The crowd validated Obama's decision to visit Republican-dominated Idaho before the all-important Super Tuesday. Democrats in 22 states will decide between Obama, from Illinois, and New York Sen. Hilary Clinton.

Obama's upbeat speech validated the decision many made to wake before dawn and line up in frigid temperatures to get a seat or stand in the aisles.

"There's something about him, something about what he has to say that people want to hear," said Steve Lolar, a 38-year-old Boise State student.

People gave many reasons for coming to Taco Bell Arena - to be part of Obama's history-making run for president; to make up their minds before Tuesday's caucus; or to catch a glimpse of a candidate frequently described as a "rock star."

Even after arena officials opened more seating, they had to turn several thousand more people away.

"I've lived in Idaho nearly 32 years, and this is the first chance I've had to see a presidential candidate, especially a Democrat," said Andrea Leevs, a Boise social worker.

Hand-painted banners hung from every seating level. Tubas from the Borah High School band glinted. Introduced by former Gov. Cecil Andrus, Obama took the stage to a long, loud ovation, flashed his now-familiar smile and thanked his local supporters for their work.

The speech held no surprises - except, perhaps, for Obama equating his long-shot status to that of the Boise State football team.

"It's fun being an underdog," said Obama. He leads Clinton in Idaho but is running closely behind her in most polls.

Obama offered a general call for national change and hope and laid out specific proposals on the economy and energy policy.

He touted the need for improved health care and educational systems. He called this a "defining moment in history" when the country needs to pay attention to a planet in environmental peril, find a way to exit the Iraq War, and support teachers and veterans.

The themes are Obama stump-speech standards, but they repeatedly brought the Boise crowd to its feet.

"The war is my main concern," said Shellie Cunningham. "Our brothers and sisters are dying daily. Why?"
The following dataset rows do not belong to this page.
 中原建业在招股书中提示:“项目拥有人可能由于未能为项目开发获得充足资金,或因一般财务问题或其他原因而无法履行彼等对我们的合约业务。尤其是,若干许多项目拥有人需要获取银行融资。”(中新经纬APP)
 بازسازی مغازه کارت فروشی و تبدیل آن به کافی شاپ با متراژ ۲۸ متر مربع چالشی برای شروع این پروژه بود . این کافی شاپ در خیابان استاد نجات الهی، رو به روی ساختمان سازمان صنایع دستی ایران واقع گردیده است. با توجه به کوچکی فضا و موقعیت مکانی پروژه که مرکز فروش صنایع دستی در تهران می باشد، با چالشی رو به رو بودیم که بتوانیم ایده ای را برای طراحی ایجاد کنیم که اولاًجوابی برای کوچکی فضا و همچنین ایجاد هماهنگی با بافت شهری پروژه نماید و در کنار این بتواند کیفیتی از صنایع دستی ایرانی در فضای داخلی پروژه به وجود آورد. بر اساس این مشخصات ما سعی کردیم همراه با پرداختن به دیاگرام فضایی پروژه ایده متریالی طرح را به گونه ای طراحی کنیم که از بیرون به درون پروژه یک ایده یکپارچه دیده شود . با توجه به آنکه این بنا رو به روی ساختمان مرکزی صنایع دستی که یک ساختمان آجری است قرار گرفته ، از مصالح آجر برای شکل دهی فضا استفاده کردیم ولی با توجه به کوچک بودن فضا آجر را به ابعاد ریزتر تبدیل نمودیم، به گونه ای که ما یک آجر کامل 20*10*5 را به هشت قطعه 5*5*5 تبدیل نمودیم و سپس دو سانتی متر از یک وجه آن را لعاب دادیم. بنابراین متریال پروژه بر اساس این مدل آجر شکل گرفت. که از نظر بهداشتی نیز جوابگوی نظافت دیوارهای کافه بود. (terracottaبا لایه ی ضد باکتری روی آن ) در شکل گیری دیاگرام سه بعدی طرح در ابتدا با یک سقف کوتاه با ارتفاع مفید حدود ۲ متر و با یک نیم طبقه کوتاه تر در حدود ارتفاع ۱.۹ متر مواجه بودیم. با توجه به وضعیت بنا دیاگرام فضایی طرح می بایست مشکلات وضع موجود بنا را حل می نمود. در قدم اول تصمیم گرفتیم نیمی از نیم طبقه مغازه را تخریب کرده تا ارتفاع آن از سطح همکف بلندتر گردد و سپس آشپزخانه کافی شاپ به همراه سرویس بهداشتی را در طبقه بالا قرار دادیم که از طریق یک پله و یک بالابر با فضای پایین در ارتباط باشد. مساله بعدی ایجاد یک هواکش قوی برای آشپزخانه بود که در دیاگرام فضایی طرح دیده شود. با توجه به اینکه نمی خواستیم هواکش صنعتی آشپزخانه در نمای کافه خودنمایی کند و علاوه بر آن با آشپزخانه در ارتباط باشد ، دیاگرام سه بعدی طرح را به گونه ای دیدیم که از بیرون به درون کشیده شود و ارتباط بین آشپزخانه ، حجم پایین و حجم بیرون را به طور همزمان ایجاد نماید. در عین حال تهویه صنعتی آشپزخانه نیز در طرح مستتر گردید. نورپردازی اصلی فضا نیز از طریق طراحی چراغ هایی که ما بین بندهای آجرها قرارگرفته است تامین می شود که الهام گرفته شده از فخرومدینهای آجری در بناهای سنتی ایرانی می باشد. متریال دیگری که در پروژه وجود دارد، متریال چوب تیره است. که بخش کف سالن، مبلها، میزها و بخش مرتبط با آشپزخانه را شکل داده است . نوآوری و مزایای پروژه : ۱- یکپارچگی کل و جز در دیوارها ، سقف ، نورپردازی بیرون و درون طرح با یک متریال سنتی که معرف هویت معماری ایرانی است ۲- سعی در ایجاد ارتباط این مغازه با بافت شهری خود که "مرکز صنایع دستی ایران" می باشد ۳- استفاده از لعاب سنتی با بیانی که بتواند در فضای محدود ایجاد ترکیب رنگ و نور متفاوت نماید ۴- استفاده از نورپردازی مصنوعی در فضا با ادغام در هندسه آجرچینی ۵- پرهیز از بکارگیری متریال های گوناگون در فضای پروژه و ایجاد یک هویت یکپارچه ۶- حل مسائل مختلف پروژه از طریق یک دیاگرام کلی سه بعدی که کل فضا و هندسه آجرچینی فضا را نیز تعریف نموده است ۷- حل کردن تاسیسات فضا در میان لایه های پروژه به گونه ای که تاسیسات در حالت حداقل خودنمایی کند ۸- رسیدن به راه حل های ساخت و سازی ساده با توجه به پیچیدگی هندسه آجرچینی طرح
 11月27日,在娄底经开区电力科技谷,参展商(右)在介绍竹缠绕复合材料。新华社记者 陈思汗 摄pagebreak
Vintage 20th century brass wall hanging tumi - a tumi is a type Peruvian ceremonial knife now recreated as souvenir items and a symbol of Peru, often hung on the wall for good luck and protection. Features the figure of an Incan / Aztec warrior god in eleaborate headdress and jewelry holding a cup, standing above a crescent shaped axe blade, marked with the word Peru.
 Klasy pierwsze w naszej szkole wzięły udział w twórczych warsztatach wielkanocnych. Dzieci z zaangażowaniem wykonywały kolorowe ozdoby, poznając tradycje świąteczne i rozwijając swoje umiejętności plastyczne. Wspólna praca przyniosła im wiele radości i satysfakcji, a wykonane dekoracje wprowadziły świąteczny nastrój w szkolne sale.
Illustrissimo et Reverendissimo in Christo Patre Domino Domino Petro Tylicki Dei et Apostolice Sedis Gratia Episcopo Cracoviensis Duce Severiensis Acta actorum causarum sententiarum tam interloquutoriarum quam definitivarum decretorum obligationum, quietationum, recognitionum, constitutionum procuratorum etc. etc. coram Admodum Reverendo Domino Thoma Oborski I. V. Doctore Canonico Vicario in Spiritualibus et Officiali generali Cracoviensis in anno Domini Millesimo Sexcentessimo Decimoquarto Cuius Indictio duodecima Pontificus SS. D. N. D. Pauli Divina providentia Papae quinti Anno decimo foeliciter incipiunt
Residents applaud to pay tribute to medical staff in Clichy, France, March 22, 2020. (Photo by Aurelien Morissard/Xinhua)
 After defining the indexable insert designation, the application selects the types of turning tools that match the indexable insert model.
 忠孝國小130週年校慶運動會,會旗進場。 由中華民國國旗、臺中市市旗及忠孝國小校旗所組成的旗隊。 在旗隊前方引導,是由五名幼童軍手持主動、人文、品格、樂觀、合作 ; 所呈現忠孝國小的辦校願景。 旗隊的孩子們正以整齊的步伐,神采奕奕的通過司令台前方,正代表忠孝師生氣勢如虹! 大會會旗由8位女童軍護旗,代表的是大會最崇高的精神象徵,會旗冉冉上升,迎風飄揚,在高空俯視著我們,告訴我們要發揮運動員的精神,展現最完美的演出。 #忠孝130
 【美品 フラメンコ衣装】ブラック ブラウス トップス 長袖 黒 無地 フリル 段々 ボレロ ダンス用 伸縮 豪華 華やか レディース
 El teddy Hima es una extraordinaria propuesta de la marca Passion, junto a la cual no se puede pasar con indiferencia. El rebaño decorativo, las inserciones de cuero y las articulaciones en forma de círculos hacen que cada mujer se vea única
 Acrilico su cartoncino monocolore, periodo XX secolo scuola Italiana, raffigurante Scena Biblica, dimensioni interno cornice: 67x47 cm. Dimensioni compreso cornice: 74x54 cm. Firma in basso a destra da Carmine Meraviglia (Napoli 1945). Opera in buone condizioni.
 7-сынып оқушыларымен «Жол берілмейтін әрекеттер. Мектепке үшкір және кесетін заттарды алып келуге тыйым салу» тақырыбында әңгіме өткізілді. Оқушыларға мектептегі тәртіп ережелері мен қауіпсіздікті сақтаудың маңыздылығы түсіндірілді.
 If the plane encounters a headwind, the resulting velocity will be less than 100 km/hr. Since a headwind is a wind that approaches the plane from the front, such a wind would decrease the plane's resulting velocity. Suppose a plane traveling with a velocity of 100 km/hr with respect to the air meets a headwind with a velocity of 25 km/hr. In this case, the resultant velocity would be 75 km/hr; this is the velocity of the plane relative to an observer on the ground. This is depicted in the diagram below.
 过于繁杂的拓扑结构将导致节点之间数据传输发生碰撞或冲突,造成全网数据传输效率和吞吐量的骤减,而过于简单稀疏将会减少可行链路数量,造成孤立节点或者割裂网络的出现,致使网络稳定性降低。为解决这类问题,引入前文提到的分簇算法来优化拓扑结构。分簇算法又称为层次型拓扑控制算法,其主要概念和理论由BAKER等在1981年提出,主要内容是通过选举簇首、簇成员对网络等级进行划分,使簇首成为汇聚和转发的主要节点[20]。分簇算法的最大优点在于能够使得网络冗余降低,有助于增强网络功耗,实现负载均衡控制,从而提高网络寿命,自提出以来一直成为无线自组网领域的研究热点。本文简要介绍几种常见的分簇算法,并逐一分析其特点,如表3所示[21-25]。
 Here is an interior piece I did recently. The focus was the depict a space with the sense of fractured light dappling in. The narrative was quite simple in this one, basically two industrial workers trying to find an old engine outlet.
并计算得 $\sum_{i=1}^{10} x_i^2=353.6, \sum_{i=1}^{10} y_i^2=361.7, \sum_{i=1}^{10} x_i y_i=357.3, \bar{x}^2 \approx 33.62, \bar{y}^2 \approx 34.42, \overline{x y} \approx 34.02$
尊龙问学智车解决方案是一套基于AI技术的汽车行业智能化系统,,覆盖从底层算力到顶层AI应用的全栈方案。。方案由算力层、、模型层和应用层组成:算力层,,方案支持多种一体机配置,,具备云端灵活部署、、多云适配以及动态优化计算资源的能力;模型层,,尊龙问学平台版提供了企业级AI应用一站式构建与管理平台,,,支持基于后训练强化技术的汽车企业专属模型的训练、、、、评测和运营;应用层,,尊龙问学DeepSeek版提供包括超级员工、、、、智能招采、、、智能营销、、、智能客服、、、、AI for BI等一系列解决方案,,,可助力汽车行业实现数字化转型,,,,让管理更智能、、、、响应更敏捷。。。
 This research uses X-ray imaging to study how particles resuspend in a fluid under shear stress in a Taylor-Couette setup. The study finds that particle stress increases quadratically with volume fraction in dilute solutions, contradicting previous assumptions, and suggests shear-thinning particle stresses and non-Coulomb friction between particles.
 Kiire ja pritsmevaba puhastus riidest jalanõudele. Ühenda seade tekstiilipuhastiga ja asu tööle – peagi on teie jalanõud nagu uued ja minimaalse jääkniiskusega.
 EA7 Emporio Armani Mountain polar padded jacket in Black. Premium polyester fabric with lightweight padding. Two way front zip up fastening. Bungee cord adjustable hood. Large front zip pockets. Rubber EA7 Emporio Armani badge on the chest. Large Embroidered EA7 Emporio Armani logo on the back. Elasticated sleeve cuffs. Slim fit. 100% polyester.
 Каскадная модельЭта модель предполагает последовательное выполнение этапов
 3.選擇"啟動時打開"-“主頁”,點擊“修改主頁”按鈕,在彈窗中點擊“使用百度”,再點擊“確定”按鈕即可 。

Francine Gonzalez also wanted to hear Obama's thoughts on the war.

"I have young sons," said Gonzalez.

She's undecided but glad Obama visited the state.

"Usually, they don't come here, or if they do, it is for a fundraiser that costs $250 a ticket." she said. "It's not an opportunity for everyday people."

Marsha Meredith of Boise has never been involved with politics before, but Obama's speech made her cry.

"I'm so happy right now," she said. "Everything he said about supporting teachers, and schools, the environment, I've been waiting so many years for this and have had nowhere to go."

Clearly aware he was speaking in one of the reddest states in the union, Obama briefly touched on his Christian faith and support for the rights of gun owners, notably hunters.

The Clinton campaign questioned his consistency on gun ownership, and the Republican National Committee rebuked Obama for his positions on guns and foreign policy.

"As if his newly minted title of 'most liberal' senator was not enough, Barack Obama has enlisted the help of Ted Kennedy to advocate proposals that are out of touch with mainstream values," said Paul Lindsay, a regional press secretary for the RNC.

Obama said he has tried to reach out to conservatives and Republicans, citing his ability to work across party lines.

"We can disagree without being disagreeable," he said.

Ron Fortner, a history teacher at Caldwell High, first voted Republican in the 1960s, but got to the arena at 5:15 a.m. to see Obama.

"I was a Nixon man then. This year, I'm wide open," he said. "It's not often you get to see history."